DATA SEGMENT:
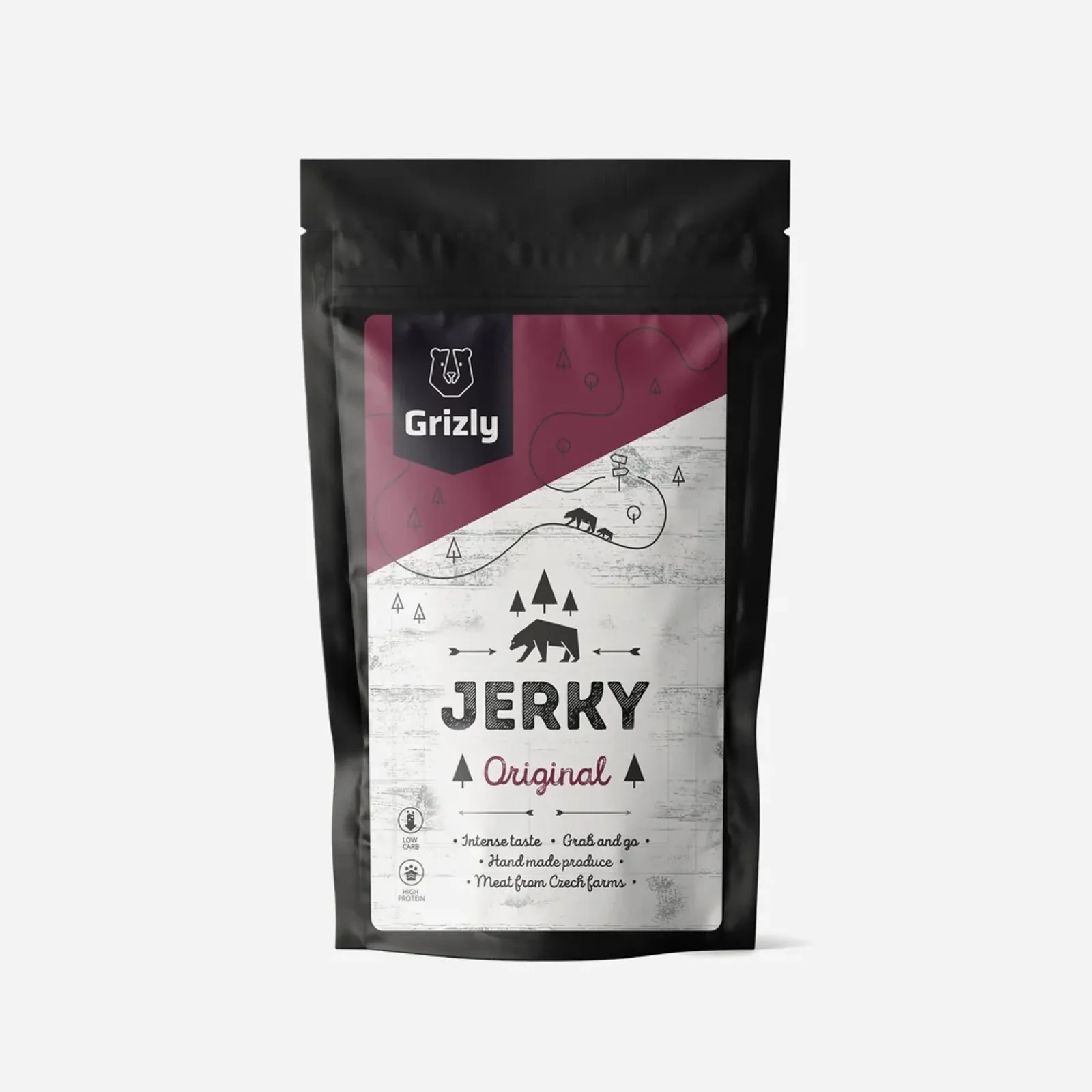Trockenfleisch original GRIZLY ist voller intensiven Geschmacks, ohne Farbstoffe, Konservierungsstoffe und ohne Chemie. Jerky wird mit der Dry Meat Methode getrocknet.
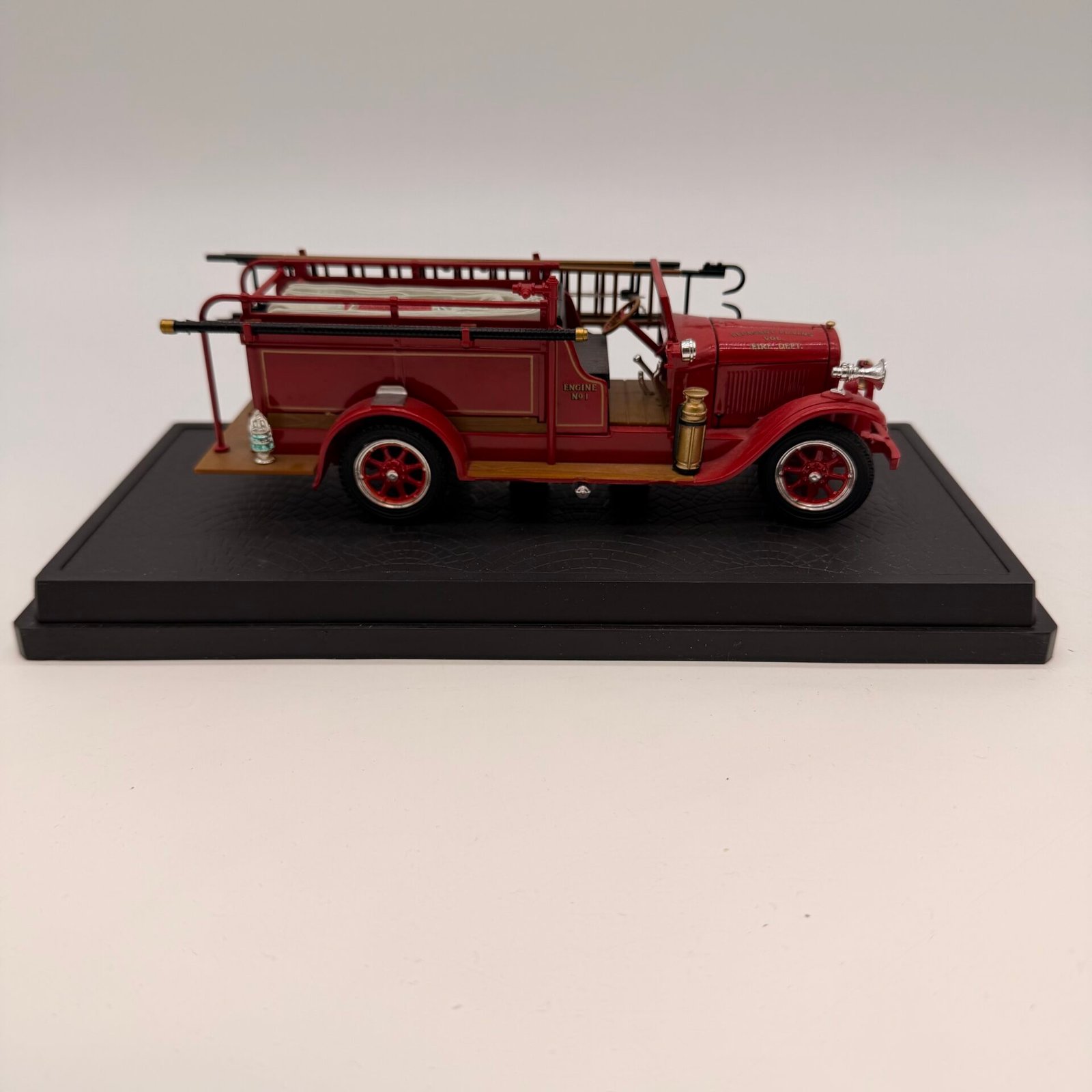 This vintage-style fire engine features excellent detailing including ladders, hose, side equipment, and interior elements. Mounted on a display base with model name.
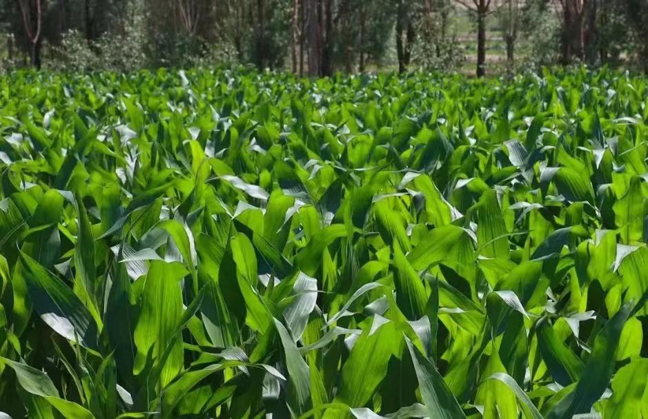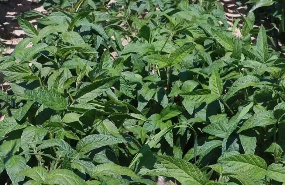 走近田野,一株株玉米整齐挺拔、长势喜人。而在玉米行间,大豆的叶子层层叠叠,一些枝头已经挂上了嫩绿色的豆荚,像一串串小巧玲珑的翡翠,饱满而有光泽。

THE TASK:
The material above is to be transcribed exactly, with all pictures omitted.

SOLUTION FOR THIS TASK:
Trockenfleisch original GRIZLY ist voller intensiven Geschmacks, ohne Farbstoffe, Konservierungsstoffe und ohne Chemie. Jerky wird mit der Dry Meat Methode getrocknet.
 This vintage-style fire engine features excellent detailing including ladders, hose, side equipment, and interior elements. Mounted on a display base with model name.
 走近田野,一株株玉米整齐挺拔、长势喜人。而在玉米行间,大豆的叶子层层叠叠,一些枝头已经挂上了嫩绿色的豆荚,像一串串小巧玲珑的翡翠,饱满而有光泽。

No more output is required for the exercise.